Et tranquillement, sans presque s’annoncer, sauf par les airs traditionnels que nous entendions à la radio, jamais avant décembre, Noël s’approchait à pas feutrés. Et la fébrilité redoublait. Amplifiée par l’émission du Père Noël – le seul et l’unique – et de la jolie Fée des glaces. Un quart d’heure de transe!
Quelques cartes arrivaient par la poste, que l’on plaçait en vue, sur le bord de la fenêtre, seule décoration anticipée. Nos préférences allaient à celles représentant le Père Noël, les anges ou les oiseaux frileux que nous admirions sans nous lasser.
Quelques jours avant la nuit si attendue, maman se mettait à rouler les beignes, les tartes, les pâtés à la viande qu’elle faisait congeler dans une boîte de bois, sur la galerie arrière. Les trous de beigne crus étaient la seule entorse permise à l’interdiction de goûter avant l’heure à ces délices.
Enfin venait le grand soir. Nous connaissions notre seule insomnie de l’année, les yeux ronds, épiant les bruits diffus de la maison. Mais l’endormissement finissait tout de même par avoir raison de nous. Soudain, la lumière s’allumait brusquement et nous bondissions sur nos jambes comme si nous n’étions pas ahuris de sommeil! On nous mettait notre plus jolie toilette et nous descendions rejoindre les grands revenus de la Messe de minuit.
Ce n’est qu’à ce moment que nous découvrions l’immense sapin décoré durant notre sommeil de boules variées, de cheveux d’ange, de glaçons. Sous l’arbre, le village avec ses maisonnettes, posées sur le papier imitant la pierre, éclairées de l’intérieur, la crèche, les bergers, les moutons. Et bien sûr, les cadeaux, mystérieux, affriolants, que nous ne pourrions ouvrir avant le réveillon lequel s’éternisait souvent en raison des deux tablées nécessaires pour nourrir tout le monde.
Enfin, enfin, nous passions au salon et en un rien de temps, chacun recevait ses étrennes. Des présents modestes – une toupie, un livre à colorier, au mieux, une poupée neuve – avec lesquels nous pourrions jouer un peu avant qu’on nous remette au lit, épuisées et repues. La nuit de Noël était finie. Nous avions atteint le point ultime du désir et du plaisir. Dès le lendemain, les émotions reprendraient des proportions supportables. Nous passerions le temps des Fêtes à nous amuser avec nos cousines, découvrant souvent avec une pointe d’envie leurs cadeaux plus nombreux et de plus grandes valeurs que les nôtres, mais avec lesquels elles nous laisseraient jouer entre les glissades et les parties de cartes.

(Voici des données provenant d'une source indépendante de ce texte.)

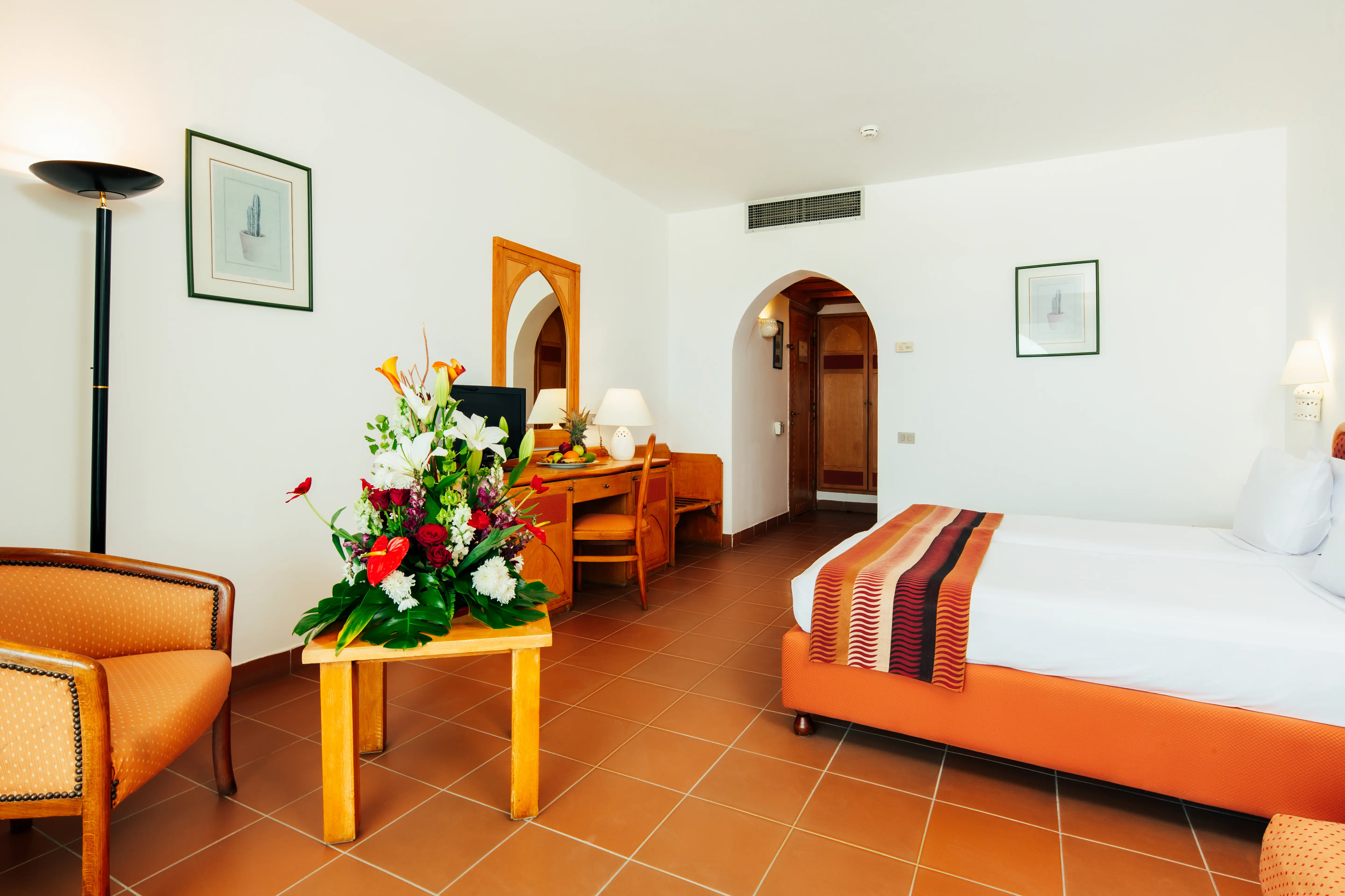 Dla max. 2 osób, Przestrzeń zewnętrzna: Balkon, Kanały telewizji: Angielski, Telefon w pokoju, prysznic, Powierzchnia pokoju: ok. 33 m2, Rodzaj podłogi: płytki, Sprzątanie codziennie, 1 sypialnia, Maksymalna liczba osób dorosłych: 2, Maksymalna liczba dzieci: 0, Widok niesprecyzowany , Liczba łazienek: 1, Liczba toalet: 1, Zestaw do parzenia kawy i herbaty, Klimatyzacja: Klimatyzacja indywidualna
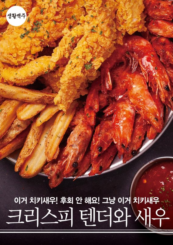 '크리스피 텐더와 새우'는 생활맥주에서 누적판매량 60만개를 돌파한 히트메뉴 '크리스피 텐더와 감자'를 리뉴얼 한 메뉴다. 국내산 닭 안심살에 생활맥주만의 노하우가 담긴 튀김옷을 입혀 겉은 바삭하지만 속은 촉촉하고 부드러운 것이 특징이다.
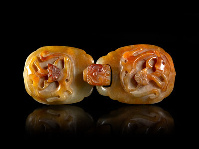the hook rendered in the form of an archaistic chilong, facing a clambering chilong, the other section of the buckle of corresponding clambering chilong, the stone of celadon color with russet patches.
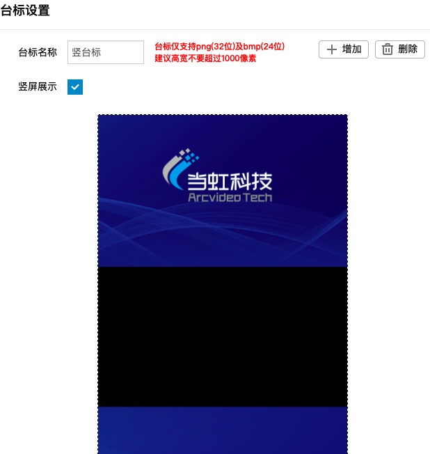 1.台标管理-->创建竖屏台标,选择“上竖屏展示”复选框。
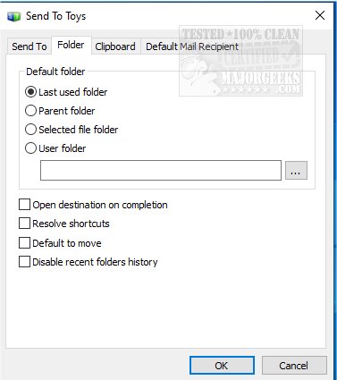 Send To Toys Control Panel Applet allows you to manage the Send To system menu content, and configure the various Send To Toys settings.

Qu’avait-il de particulier, mon Noël? Il s’approchait sans se disperser, économisant les rappels de sa venue imminente pour provoquer cette montée de fièvre qui est l’essence même du plaisir. Il était marqué de rites immuables, il se préservait dans sa durée, il donnait après avoir privé, il mêlait le profane et le sacré. Il avait un caractère magique.
Tout ce que je retrouve difficilement dans ce cirque qui commence dès novembre dans les Centres commerciaux et qui s’étire sur deux mois, dans la surabondance des repas de fêtes, dans le naufrage du mystère et des traditions, dans l’essoufflement des courses et des sorties.

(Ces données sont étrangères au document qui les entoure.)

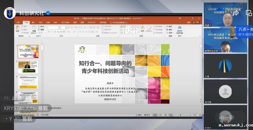 12月12日下午,中国科协“做中学”科学教育改革实验项目教学中心周建中副主任作了题为《知行合一、问题导向的青少年科技创新活动》的讲座,介绍了科技创新活动的构成、科学研究与工程设计流程,强调知行合一,倡导做中学、用中学、创中学,注重引导学生参与学科探究活动,开展跨学科实践,经历发现问题、解决问题、建构知识、运用知识的过程,让认识基于实践、通过实践得到提升。
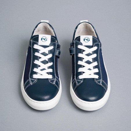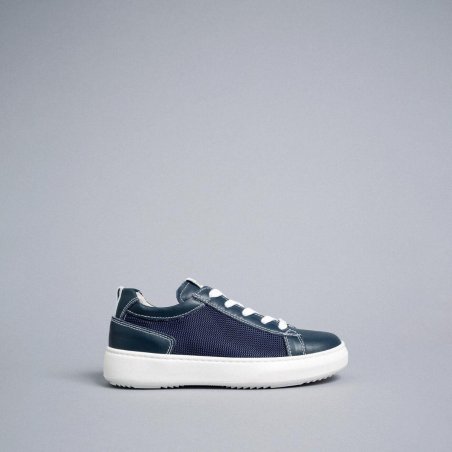 Sneakers bambino NeroGiardini in vera pelle con tessuto tecnico, inserto logo sulla linguetta, fondo gomma antiscivolo.
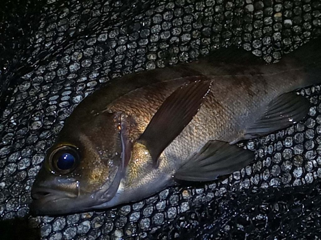 結局この日は3時間で1回だけしかバイトがなく、20cm弱のメバルをキャッチしただけで終わりました。
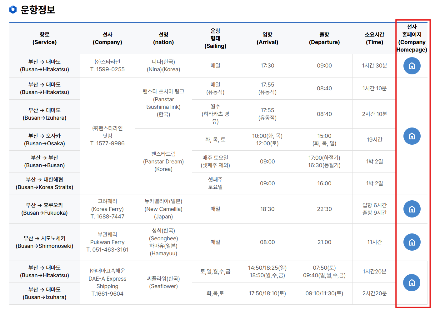 - 예약 채널: 대아고속해운, 부산항 공식 홈페이지
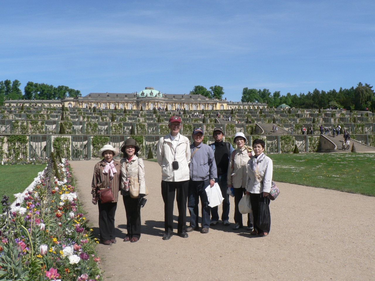 花も満開のサンスーシ宮殿と庭

Je rêve de m’encabaner dans un chalet entouré de sapins enneigés et d’y recréer l’intensité de ces moments, avec les enfants et les petits-enfants, avec juste ce qu’il faut de cadeaux pour faire briller les yeux des petits. Et nous leur lirions des contes avant de les coucher. Et nous ferions bombance en jasant jusqu’à très tard, avant de nous endormir dans le grand silence de la forêt.
Utopie sans doute… Peut-être faut-il se résigner à ce que les bonheurs d’enfant ne survivent pas au passage du temps.
Et vous, qu’en pensez-vous? Racontez-moi donc, pour me consoler, votre plus beau Noël.